From Personality Quizzes to Chronic Pathologizing

I began to notice Gen Z’s obsession with labels a few years ago, and it led me to wonder where it comes from; it feels like every person I know describes themselves as a people-pleasing, bisexual, introverted empath. We yearn to know if we are more of a Carrie or a Charlotte. While these short, simplified descriptions can help us in-group online, I think the label-frenzy comes from somewhere else. Our search for personal identity replaces our lack of a deep intrapersonal connection in the digital age.

What happens when this search for the self gets into mental health territory?

Gen Z is simultaneously the most mental-health conscious and most mentally ill generation in history. And, no, this isn’t just a result of overrepresentation in diagnoses. According to TIME,  “One in eight U.S. adults now takes an antidepressant, and one in five has recently received some kind of mental-health care.” We’ve seen a massive uptick in therapy attendance, one which is especially pronounced in Generation Z. It’s not only this, therapy culture and speak is proliferating throughout pop-culture. We’re a generation utterly steeped in mental-health language. But if we’re surrounding ourselves with the vocabulary to describe our problems and the tools to heal, why is nobody getting better?

It might be that we’ve been conditioned to over-pathologize normal occurrences. Psychoanalyst Jacques Lacan describes what has become a common internal monologue as “the hysteric’s discourse.” It goes something like this: “Something is wrong, and I demand that someone explain it to me!”

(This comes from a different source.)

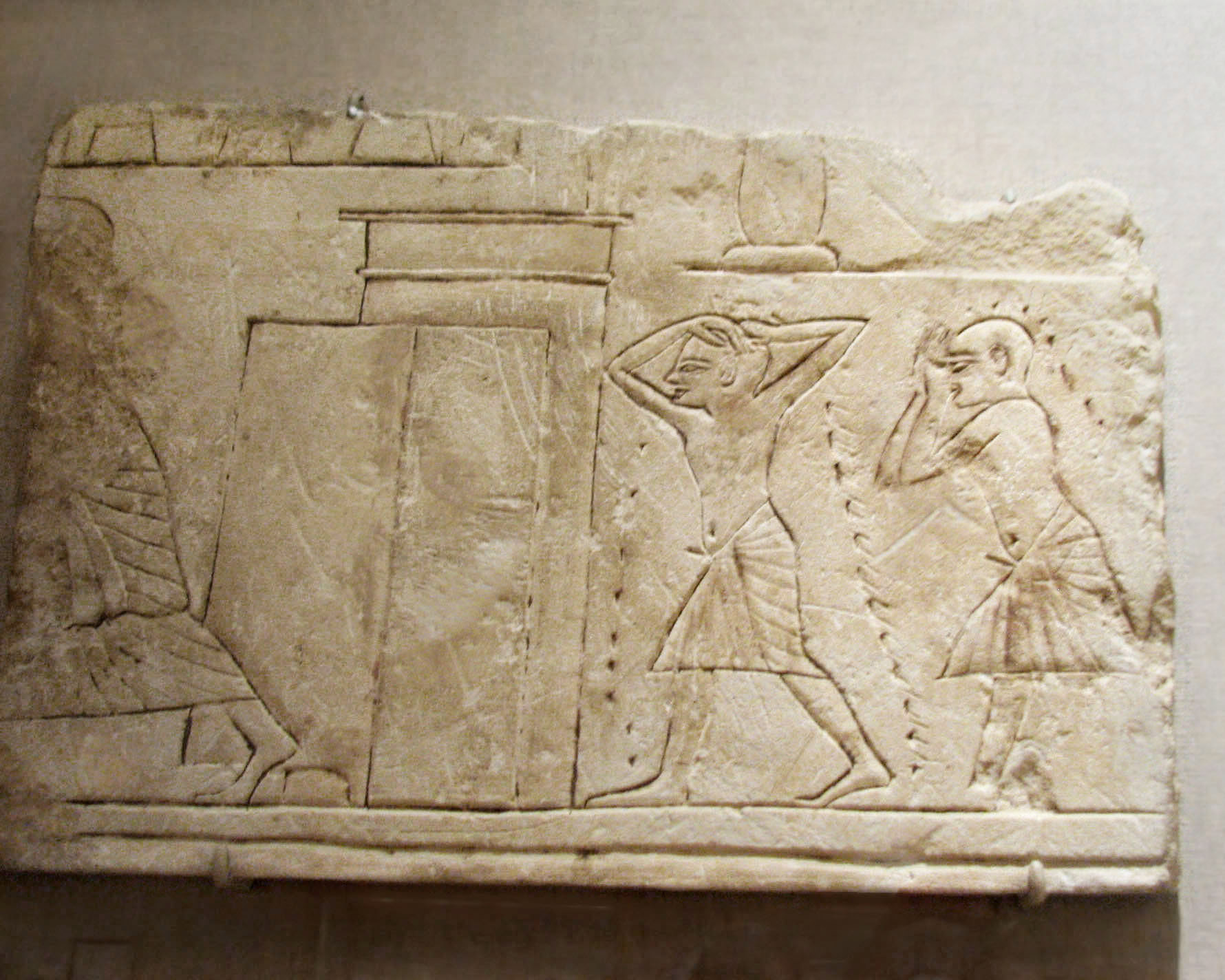 (From museum website): "The controversial reign of the 'heretic' king Akhenaten, known as the Amarna Period, was a time of great experimentation, particularly in the visual arts. Traditional features found in relief, such as register lines and the number of figures included in a scene, were modified to allow freer use of the compositional space. "This relief fragment shows two men on the right who, by their gestures, can be identified as mourners. The small cuts in the stone surface above and in front of the figures quite likely represent the dust that mourning Egyptians are known to have poured on their heads as a sign of bereavement. To the left can be seen the traces of a man in official dress who appears to be hurrying from the opened door of the tomb. The scene speaks strongly of disorganization and chaos, conveying quite clearly the distress that the ancient Egyptians felt in the presence of death." If this has been influenced by Akhenaten in stylistic manner, perhaps it has been influenced by him in other ways: "I refer to two religious ideas absolutely crucial for the Egyptians and conspicious by their complete absence from Akheneten's hymn, having fallen foul of Amarna's censorship: (regenerative) immortality and justice." _The Mind of Egypt_, by Jan Assmann, page 221 Perhaps people had become cynical because of a plague during Akhenaten's father's reign. Arielle P. Kozloff raises the question: "The eight-year gap in an otherwise verbose royal record, the new cults, marriages and art styles, the changes in habitation and in burial practices in the reign of Amenhotep III are uncharacteristic of a culture and king that loved stability and tradition above all else. They are typical of a reaction to a plague." _Bubonic Plague During the Reign of Amenhotep III?_, KMT Journal, Volume 12, No. 3 (Fall 2006), page 46 He commissioned more than 700 huge statues of Sekhmet, a goddess whose roles include protection from plague. Such a huge number strongly suggests he hoped to gain her assistence. (The Brooklyn museum has one, while the Metropolitan museum has several more.) Kozloff gives other clues to this probable event. While in Akhenaten's time, hope of immortality was given up, there is still more contrast. For previously, "Firm belief in immortality made it impossible to include songs expressive of pain and sadness, songs that would have immortalized the negative side of death and the realm of death. In the immediate wake of the Amarna Period, however, this taboo was lifted, and the texts sound an entirely new note expressive of pain and sadness. In them, we encounter the image of death as reversal. Thus, from the reign of Aya (ca. 1320 B.C.E.), we have the tomb of a man named Neferhotep (Theban Tomb 49). In it, his widow mourns:

Today, however, this discourse isn’t hysterical as Lacan described. We’re constantly encouraged to turn inwards for answers, to name our trauma, to practice mindfulness. The destigmatization of mental-health conversations and the entire mental-health field plays into our desire to understand ourselves. Victor Dubitans writes: 

“It’s a fundamentally human impulse—when we hurt, we want to know why. But here’s the twist: what if the act of constantly asking what’s wrong actually fuels the crisis? What if the search for a satisfying answer keeps us stuck?”

This led me to wonder, are these labels even helping us? It turns out, they often make us worse. Mental health labels have been shown to have somewhat of a “self-fulfilling prophecy effect.” (Science Direct). Diagnostic labels have been proven to exacerbate stigma in the diagnosed person and those surrounding them. Even when symptoms are not actually congruent with the label, or the label is corrected, the perception is often unchanged. 

In summation, what happens is that we search for answers. We label and define until we feel calm again. But maybe, just maybe, you don’t need therapy; maybe you need to go to the park and meet a real person. Maybe you need to break the cycle of self-soothing by giving every problem a label. 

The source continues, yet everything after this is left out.